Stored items
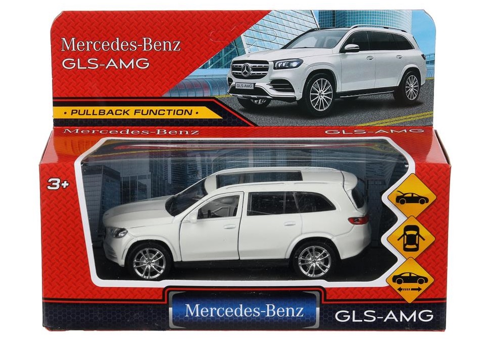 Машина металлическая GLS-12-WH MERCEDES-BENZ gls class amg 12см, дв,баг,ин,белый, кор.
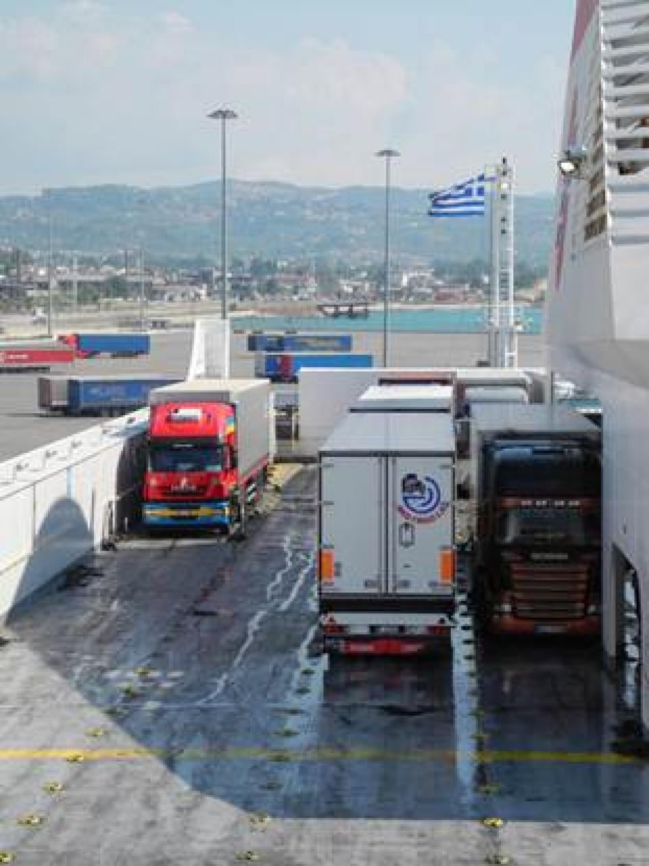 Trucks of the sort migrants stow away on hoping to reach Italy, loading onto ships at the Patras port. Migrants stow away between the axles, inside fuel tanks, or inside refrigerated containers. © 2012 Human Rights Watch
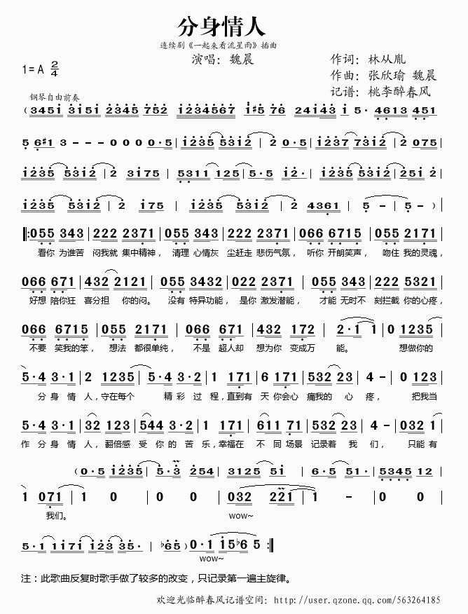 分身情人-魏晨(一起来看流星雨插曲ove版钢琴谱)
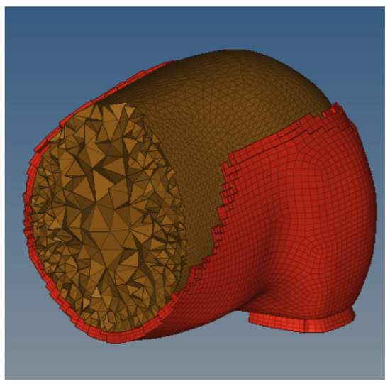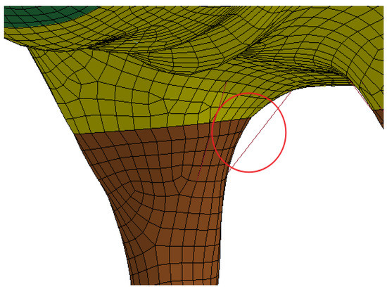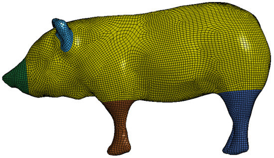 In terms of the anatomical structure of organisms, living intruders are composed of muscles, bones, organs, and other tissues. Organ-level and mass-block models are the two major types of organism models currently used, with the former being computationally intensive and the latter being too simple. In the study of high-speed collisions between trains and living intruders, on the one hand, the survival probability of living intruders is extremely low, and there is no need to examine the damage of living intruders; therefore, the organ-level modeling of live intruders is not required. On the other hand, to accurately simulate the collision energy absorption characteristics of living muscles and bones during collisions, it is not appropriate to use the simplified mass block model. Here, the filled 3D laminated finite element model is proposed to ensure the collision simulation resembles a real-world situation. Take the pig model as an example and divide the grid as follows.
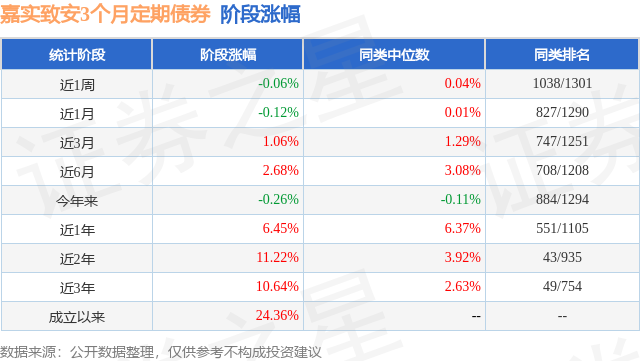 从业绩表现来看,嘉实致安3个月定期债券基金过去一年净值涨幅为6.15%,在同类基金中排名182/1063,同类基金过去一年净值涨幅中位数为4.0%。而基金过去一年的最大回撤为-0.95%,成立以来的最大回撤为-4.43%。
--
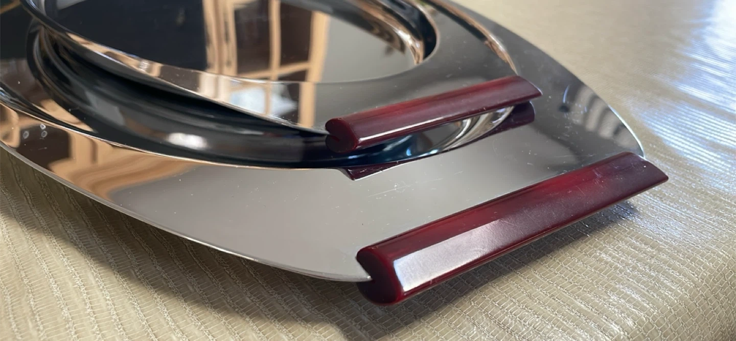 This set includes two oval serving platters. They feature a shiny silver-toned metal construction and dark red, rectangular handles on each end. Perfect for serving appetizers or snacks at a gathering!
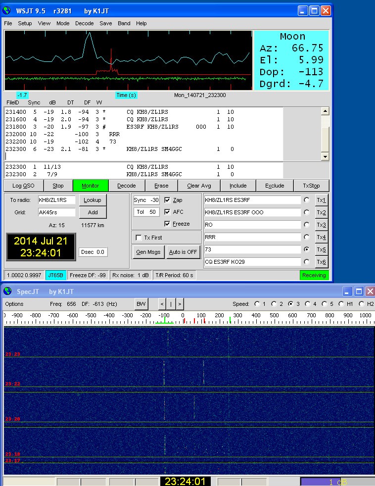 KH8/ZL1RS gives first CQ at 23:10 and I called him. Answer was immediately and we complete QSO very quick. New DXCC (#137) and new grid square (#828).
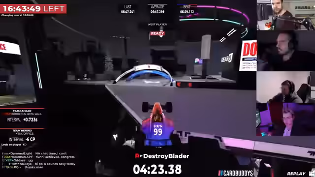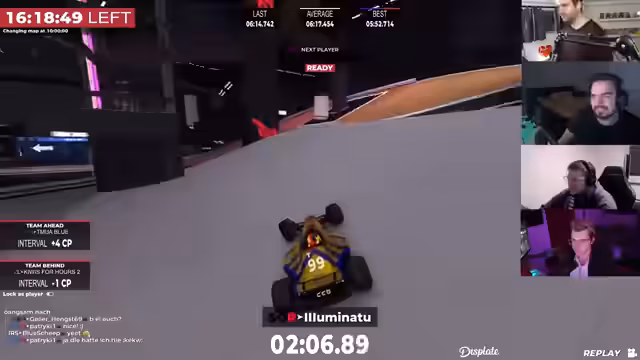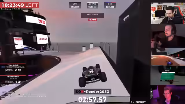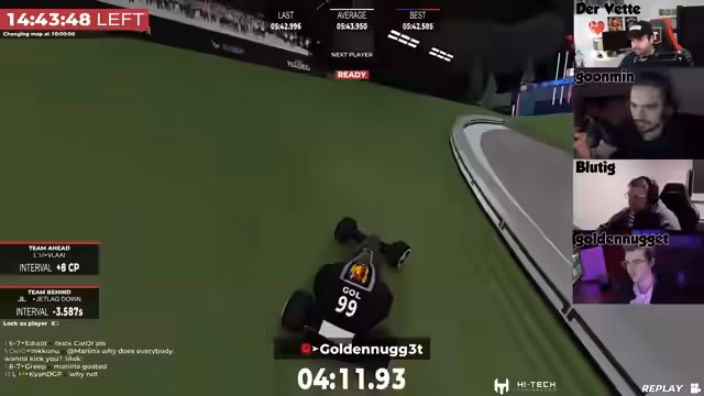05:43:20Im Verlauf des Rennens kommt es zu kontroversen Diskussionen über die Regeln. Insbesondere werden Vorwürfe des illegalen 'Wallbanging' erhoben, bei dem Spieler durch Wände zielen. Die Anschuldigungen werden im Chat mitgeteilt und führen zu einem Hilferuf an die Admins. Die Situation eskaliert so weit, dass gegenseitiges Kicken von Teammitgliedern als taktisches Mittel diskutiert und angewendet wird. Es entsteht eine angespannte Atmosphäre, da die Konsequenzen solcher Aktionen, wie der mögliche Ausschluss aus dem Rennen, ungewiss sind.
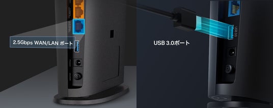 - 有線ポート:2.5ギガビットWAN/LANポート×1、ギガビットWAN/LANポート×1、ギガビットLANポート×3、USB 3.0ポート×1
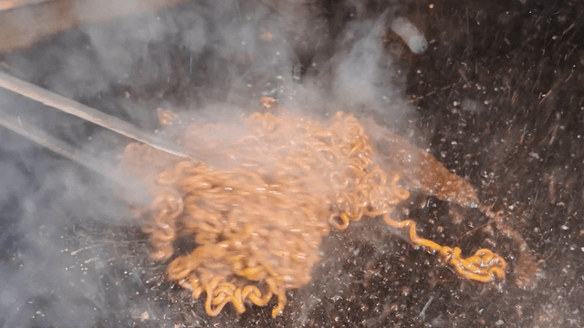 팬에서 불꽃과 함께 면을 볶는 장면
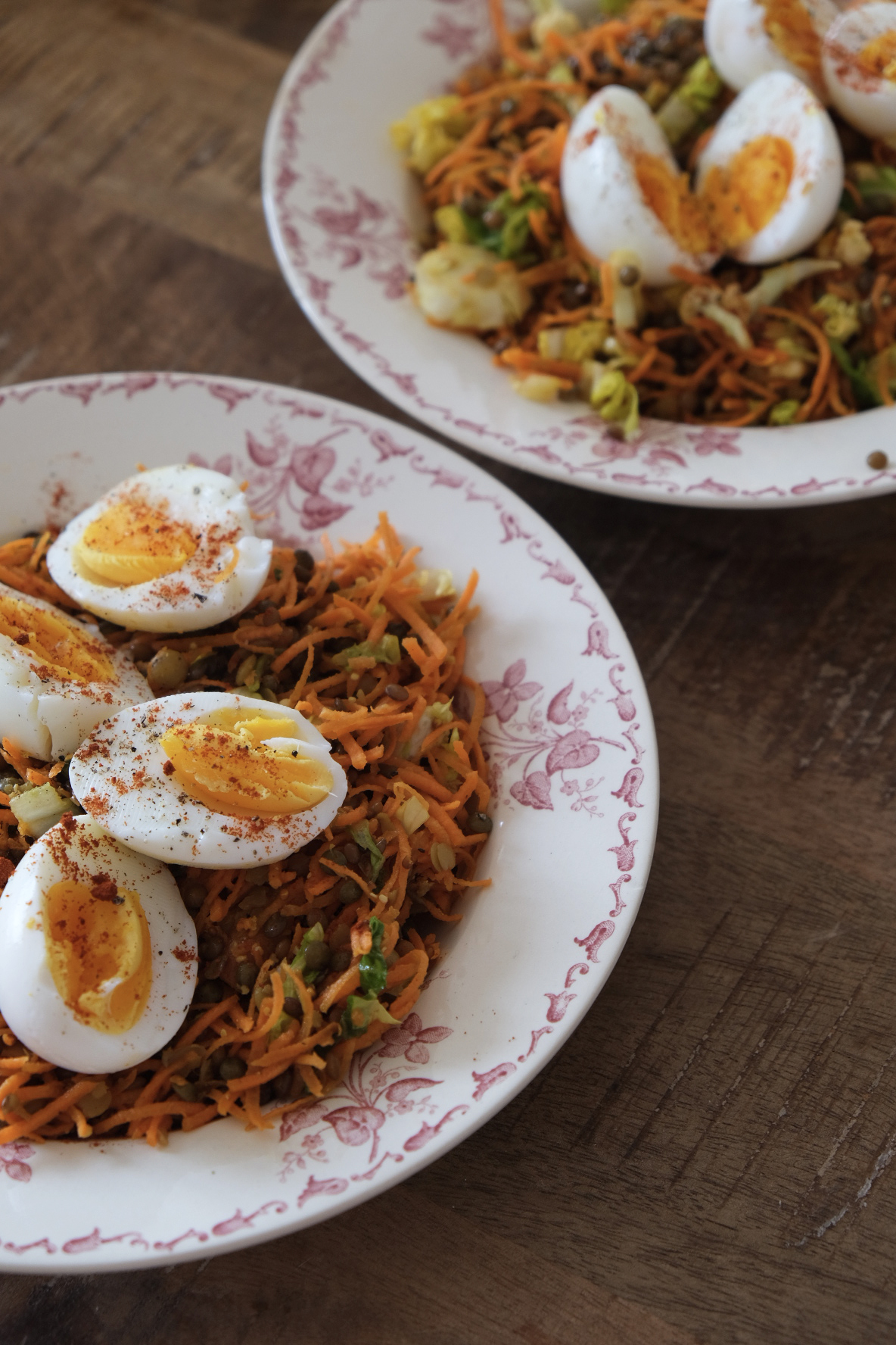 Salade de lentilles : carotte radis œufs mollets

- **YOUR ASSIGNMENT**
Return the stretch of data that begins with the line showing "This set includes" and goes on through the line showing "Salade de lentilles", exactly, with pictures removed.

- **RESPONSE**
 This set includes two oval serving platters. They feature a shiny silver-toned metal construction and dark red, rectangular handles on each end. Perfect for serving appetizers or snacks at a gathering!
 KH8/ZL1RS gives first CQ at 23:10 and I called him. Answer was immediately and we complete QSO very quick. New DXCC (#137) and new grid square (#828).
05:43:20Im Verlauf des Rennens kommt es zu kontroversen Diskussionen über die Regeln. Insbesondere werden Vorwürfe des illegalen 'Wallbanging' erhoben, bei dem Spieler durch Wände zielen. Die Anschuldigungen werden im Chat mitgeteilt und führen zu einem Hilferuf an die Admins. Die Situation eskaliert so weit, dass gegenseitiges Kicken von Teammitgliedern als taktisches Mittel diskutiert und angewendet wird. Es entsteht eine angespannte Atmosphäre, da die Konsequenzen solcher Aktionen, wie der mögliche Ausschluss aus dem Rennen, ungewiss sind.
 - 有線ポート:2.5ギガビットWAN/LANポート×1、ギガビットWAN/LANポート×1、ギガビットLANポート×3、USB 3.0ポート×1
 팬에서 불꽃과 함께 면을 볶는 장면
 Salade de lentilles : carotte radis œufs mollets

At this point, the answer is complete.